The DeepMind team has also launched a community forum at alphagenomecommunity.com to coordinate user discussions, share notebooks, and report issues. As of the Nature publication, the team has stated an intent to release the full model weights in a future update, though the exact timing has not been published.
The authors and independent commentators have explicitly flagged several limitations of AlphaGenome that are important for interpreting its predictions.
Coverage of AlphaGenome has emphasized both its technical scope and its position within a rapidly maturing field of functional genomics models. STAT News, in its launch-day report, framed the release as DeepMind's most ambitious extension of the AlphaFold methodology beyond proteins. Chemical and Engineering News and MIT Technology Review highlighted the breadth of jointly predicted modalities and the model's relevance for interpreting the non-coding genome. Science covered the Nature publication in January 2026 and noted the strong benchmark performance against Borzoi and ChromBPNet.

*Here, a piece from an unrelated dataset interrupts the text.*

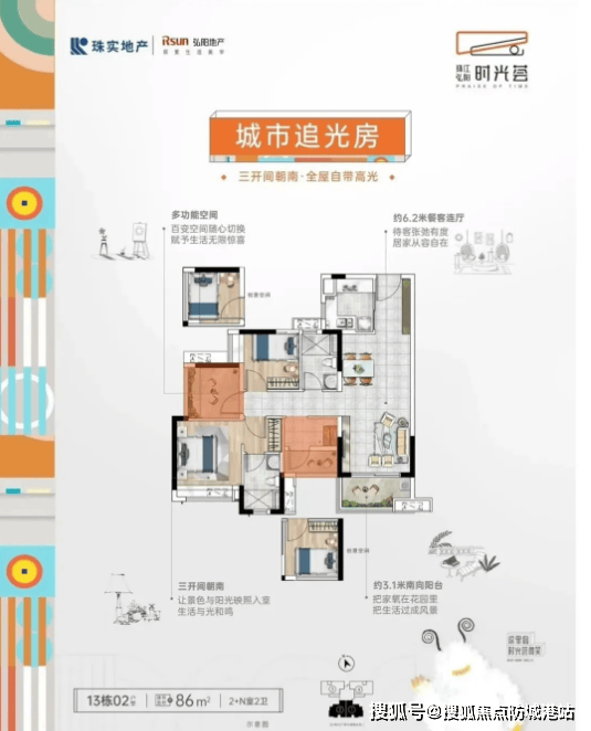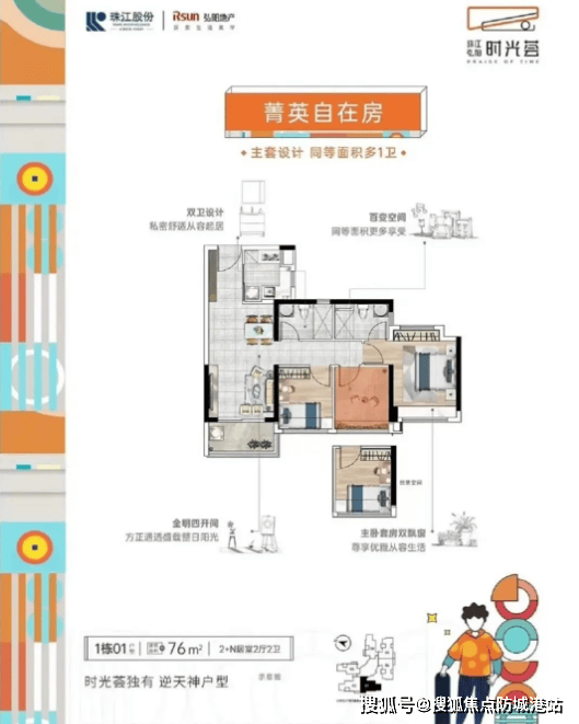 珠江时光荟的户型设计以刚需家庭需求为核心,主打高实用率三房产品,涵盖66㎡、76㎡、86㎡、96㎡多种面积段,能满足不同家庭结构的居住需求。项目使用率高达90%,空间布局合理,无浪费面积,让小面积也能实现大功能。

Research engineer Natasha Latysheva of DeepMind characterized the project as more open-ended than protein structure prediction. "Genomics is more of a fuzzy field," she told STAT News. "There's no single metric of success." In response, the team designed the evaluation suite to span as many independent benchmarks as feasible, with the explicit goal of avoiding overfitting to any single proxy task.
The ALZFORUM commentary on the Nature paper described AlphaGenome as the new "top dog" for noncoding variant interpretation in neurodegenerative disease research, noting concrete improvements on Alzheimer's disease fine-mapped variants. The Science Media Centre collected reactions from independent UK-based geneticists, most of whom welcomed the model while emphasizing the need for orthogonal experimental validation of its predictions.
AlphaGenome is the latest entry in a sequence of DeepMind biology models that began with AlphaFold in 2018 and 2020. Where AlphaFold and AlphaFold 3 address the three-dimensional structure of proteins and biomolecular complexes, AlphaGenome addresses the functional regulatory consequences of DNA sequence variation. AlphaMissense, released in 2023, predicts the pathogenicity of missense variants in protein-coding sequences. Together, these tools partition the variant interpretation problem into complementary domains: AlphaMissense for coding missense variants, AlphaFold for the structural consequences of those variants, and AlphaGenome for the much larger space of non-coding regulatory variation.
The broader DeepMind biology program also includes work on protein design through systems such as AlphaProteo, and a commercial spin-out, Isomorphic Labs, focused on drug discovery. AlphaGenome itself is positioned as a research tool rather than a direct therapeutic product, but its developers have argued that improved variant interpretation is an important upstream input to drug target identification and clinical trial design.
The Nature paper lists Žiga Avsec as first author and Pushmeet Kohli, vice president of research at Google DeepMind, as corresponding author, with all authors affiliated with Google DeepMind in London. The paper was published in volume 649, issue 8099, pages 1206 to 1218, on January 28, 2026, under digital object identifier 10.1038/s41586-025-10014-0, and is released under a Creative Commons Attribution 4.0 International license. The June 2025 preprint is hosted on bioRxiv under the identifier 10.1101/2025.06.25.661532.